◆ **Dataset content**:
Start of Block
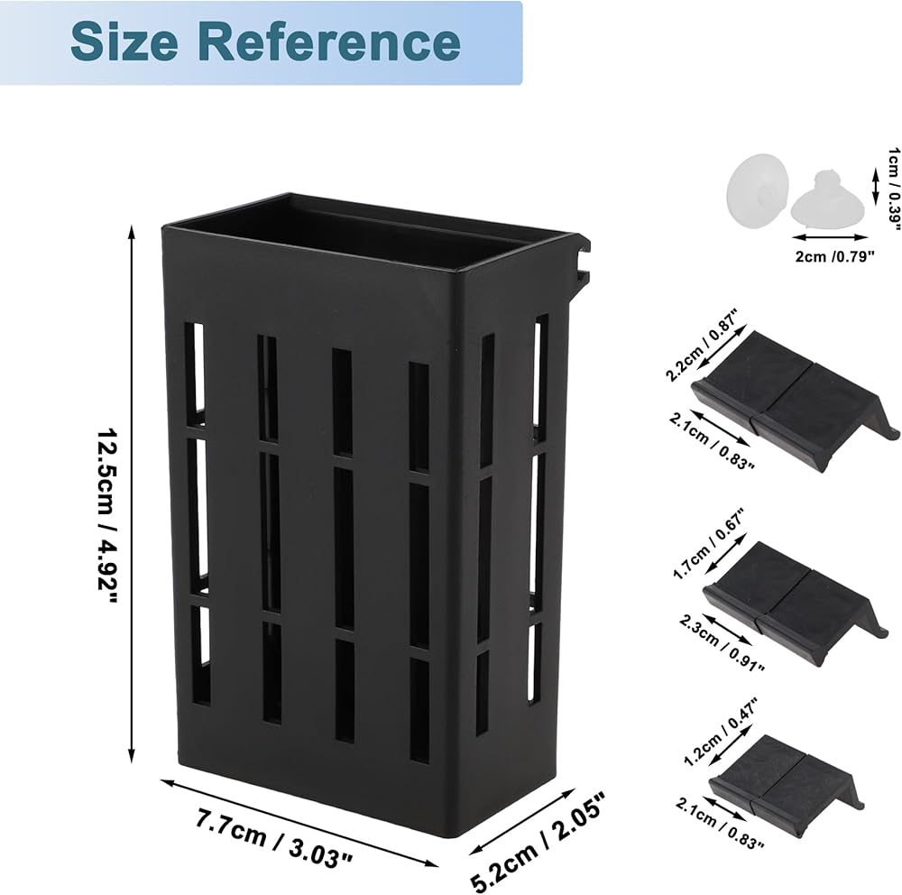 Dimension - The fish tank plant holder is 3.03 inches long, 2.05 inches wide, and 4.92 inches high; It comes with 3 different size hooks (0.47 inches/0.67 inches/0.87 inches); The suction cup diameter is 0.79 inches
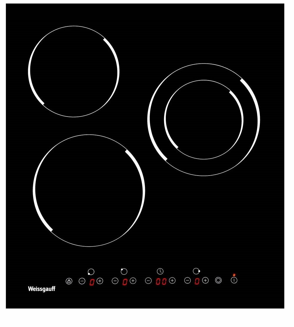 Стеклокерамическая панель Weissgauff HVF 431 B двухконтурная зона нагрева, 3 года гарантии, 45 см ширина, таймер
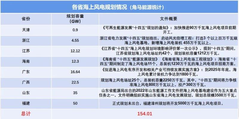 根據(jù)「角馬能源」不完全統(tǒng)計,“十四五”期間,福建、廣東、江蘇、浙江、廣西、天津等8個省份的海上風(fēng)電累計規(guī)劃容量達(dá)到154.01GW。為我國“十三五”海上風(fēng)電增量8.25GW的18.67倍。這意味著,“十四五”末期,海上風(fēng)電將可能迎來倍速增長。
End of Block
This task calls for the listing to be restated exactly, with images omitted.

◆ **Solution to the exercise**:
 Dimension - The fish tank plant holder is 3.03 inches long, 2.05 inches wide, and 4.92 inches high; It comes with 3 different size hooks (0.47 inches/0.67 inches/0.87 inches); The suction cup diameter is 0.79 inches
 Стеклокерамическая панель Weissgauff HVF 431 B двухконтурная зона нагрева, 3 года гарантии, 45 см ширина, таймер
 根據(jù)「角馬能源」不完全統(tǒng)計,“十四五”期間,福建、廣東、江蘇、浙江、廣西、天津等8個省份的海上風(fēng)電累計規(guī)劃容量達(dá)到154.01GW。為我國“十三五”海上風(fēng)電增量8.25GW的18.67倍。這意味著,“十四五”末期,海上風(fēng)電將可能迎來倍速增長。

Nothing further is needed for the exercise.